Она влезла в старые джинсы и рубашку с длинными рукавами и по утрам красила нашу комнату. Её хватка и умелые руки меня поразили: в этом отношении она оказалась на голову выше меня, и всё, что доставалось делать мне, ей приходилось потом переделывать.
К тому же мы должны были отныне вести «здоровую жизнь» – это был пункт номер три, так сказать. Как только она завела об этом речь, мне стало страшно, что теперь Джанис будет кормить меня макробиотическими продуктами – прямая поставка из Японии и Китая, – поскольку приготовление еды не было её сильной стороной и нам приходилось довольствоваться какими – нибудь готовыми блюдами и полуфабрикатами, так что мне немножко недоставало моих вечерних заходов в закусочную и в «Бер дэнс».
– Папа держит повара из Бали! – смеялась она.
– А я держу в шкафу «Литовскую повариху», – сказал я. – Книгу с дурацкими рецептами от моей польской бабушки. Я буду твоим новым поваром!
Однако под «здоровой жизнью» Джанис подразумевала нечто другое; у нас, наверное, был самый большой расход воды и электричества во всём квартале, и в ванной она часто говорила:
– О боже! Пятая ступень сознания!
Мы продолжали делать там то, что прервали в Центре медитации. Разница состояла лишь в том, что я больше не обязан был медитировать, и это меня очень радовало.

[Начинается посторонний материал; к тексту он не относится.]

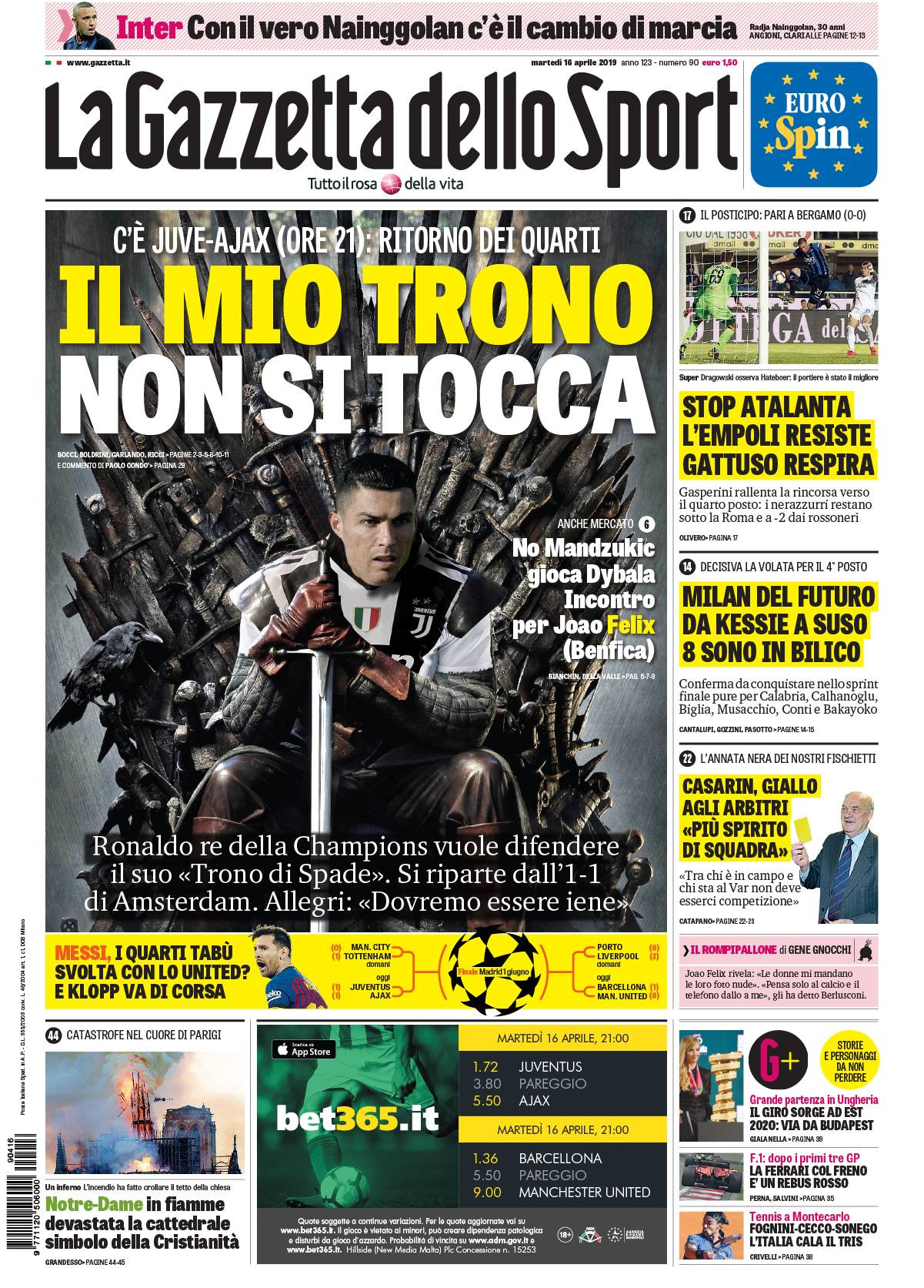 L'addio di Allegri alla Juventus, il calciomercato e il valzer delle panchine. Ma anche il campo, con la penultima giornata di campionato che si apre oggi e i playoff di B e C. Questi i temi principali delle prime pagine dei quotidiani sportivi (e non) in edicola oggi.

Четвёртым пунктом Джанис объявила:
– Нам надо приобрести кое-что из мебели!
– А мне новую гитару! – пошутил я. – Неужто ты правда хочешь потратить все свои деньги на какое-то барахло? Кроме того, я не выношу вида покупателей в мебельных магазинах. Они похожи на смертельно больных, которые подыскивают себе подходящий гроб.

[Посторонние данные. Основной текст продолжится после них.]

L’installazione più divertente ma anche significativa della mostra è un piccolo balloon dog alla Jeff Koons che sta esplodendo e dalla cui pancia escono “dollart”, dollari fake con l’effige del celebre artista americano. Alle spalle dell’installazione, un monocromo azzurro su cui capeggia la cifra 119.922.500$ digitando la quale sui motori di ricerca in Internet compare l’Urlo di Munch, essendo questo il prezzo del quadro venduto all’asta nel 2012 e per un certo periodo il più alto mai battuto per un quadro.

– Ах, идём, Тео! Мы превратим комнату Джимми в концертный зал. Никто, кроме нас, не будет туда входить, посередине мы поставим кровать или батут, а в углу – твои боксы для аппаратуры!
И я снова поехал с Джанис.
Мы заказали красную кожаную софу, стеклянный стол и массажную кушетку вместо батута; два сценических прожектора, зеркальный шар, какие бывают в диско-барах, и чёрные занавески на окна, усеянные крошечными полумесяцами.

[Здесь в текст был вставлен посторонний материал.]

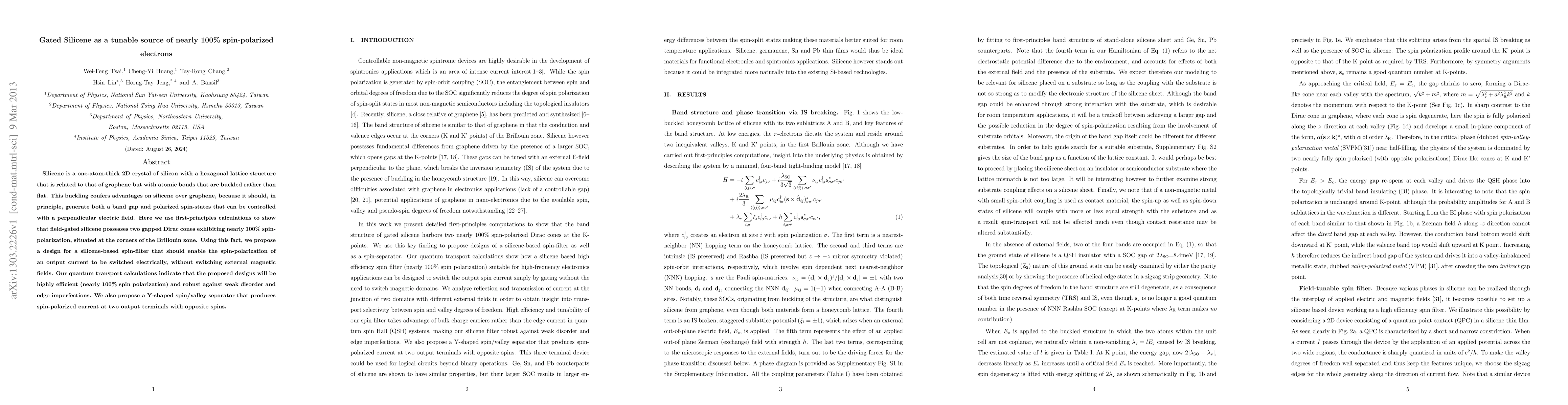 Silicene is a one-atom-thick 2D crystal of silicon with a hexagonal lattice structure that is related to that of graphene but with atomic bonds that are buckled rather than flat. This buckling confers advantages on silicene over graphene, because it should, in principle, generate both a band gap and polarized spin-states that can be controlled with a perpendicular electric field. Here we use first-principles calculations to show that field-gated silicene possesses two gapped Dirac cones exhibiting nearly 100% spin-polarization, situated at the corners of the Brillouin zone. Using this fact, we propose a design for a silicene-based spin-filter that should enable the spin-polarization of an output current to be switched electrically, without switching external magnetic fields. Our quantum transport calculations indicate that the proposed designs will be highly efficient (nearly 100% spin polarization) and robust against weak disorder and edge imperfections. We also propose a Y-shaped spin/valley separator that produces spin-polarized current at two output terminals with opposite spins.

Тёплый южный ветер, подспорье Бэбифейса и Джимми в их садовой работе, в апреле парализовал зиму: термометр наконец преодолел нулевую отметку, а на небе засияло солнце. Такая перемена показалась нам с Джанис чудом природы. К этому времени я заметил, что у нее было одно преимущество по сравнению с Агнес, и очень существенное: она понимала, что я гитарист. Она изучила все мои пластинки от А до Я, она слушала мои чудовищные сольные партии на гитаре всегда и повсюду, даже когда я в тысячный раз играл с Джимми в «Принцессе Манор» польские шлягеры, мутировавшие в кантри-музыку. Она была моим преданным фаном, моей лучшей публикой, и как только я включал усилитель и извлекал из гитары первые аккорды, она всё бросала, усаживалась предо мной прямо на полу и смотрела, как я репетирую или сочиняю. То, что она была так близка мне и так на мне сосредоточена, оказывало на меня такое же благотворное воздействие, как наши совместные ванны; а может, это было даже лучше, потому что я сразу замечал, как самое позднее через две песни она готова была утащить меня куда-нибудь на необитаемый остров посреди Тихого океана.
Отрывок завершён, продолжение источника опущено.